PRODUCT_PRICES = {"p1": 10.0, "p2": 20.0}

def create_order(order_data: OrderCreateSchema) -> OrderResponseSchema:
    items = [OrderItem(**item.dict()) for item in order_data.items]
    order = Order(
        id=str(uuid.uuid4()),
        customer_id=order_data.customer_id,
        items=items,
    )

    order.calculate_total(PRODUCT_PRICES)
    order.validate()

    return OrderResponseSchema(**order.dict())

👉 Services orchestrate without swallowing all the business rules.

controllers.py

from fastapi import APIRouter
from .schemas import OrderCreateSchema, OrderResponseSchema
from .services import create_order

router = APIRouter(prefix="/orders", tags=["orders"])
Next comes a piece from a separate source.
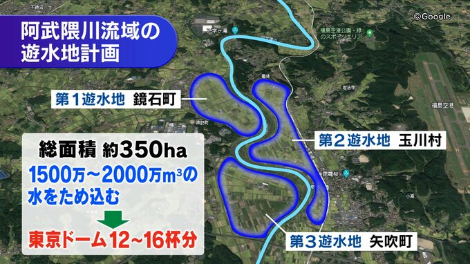 あらためて、この遊水地の計画についてまとめました。国が今計画を進めているのが、鏡石町、矢吹町、玉川村にまたがる遊水地の整備です。遊水地の総面積はおよそ350ヘクタールで、1500万から2000万立方メートルの水をため込むことができます。東京ドームで例えると、12杯から16杯分の水の量です。

@router.post("/", response_model=OrderResponseSchema)
def create_order_endpoint(order: OrderCreateSchema):
    return create_order(order)

👉 Controllers remain slim.


🧠 Why This Works

Cohesive Entities: Pydantic-based models enforce invariants and state transitions. ✅ Schema Inheritance: You avoid duplication by reusing entity definitions. ✅ Slim Services: Services orchestrate workflows without bloating. ✅ Balanced Layers: Logic is spread to the right places, preventing sinkholes.


🔚 Wrap-up

The sinkhole problem happens when all the interesting code sinks into one layer, leaving the rest hollow. By combining Pydantic-powered entities with schema inheritance and pushing business rules into the domain, you can keep FastAPI applications clean, balanced, and easy to evolve.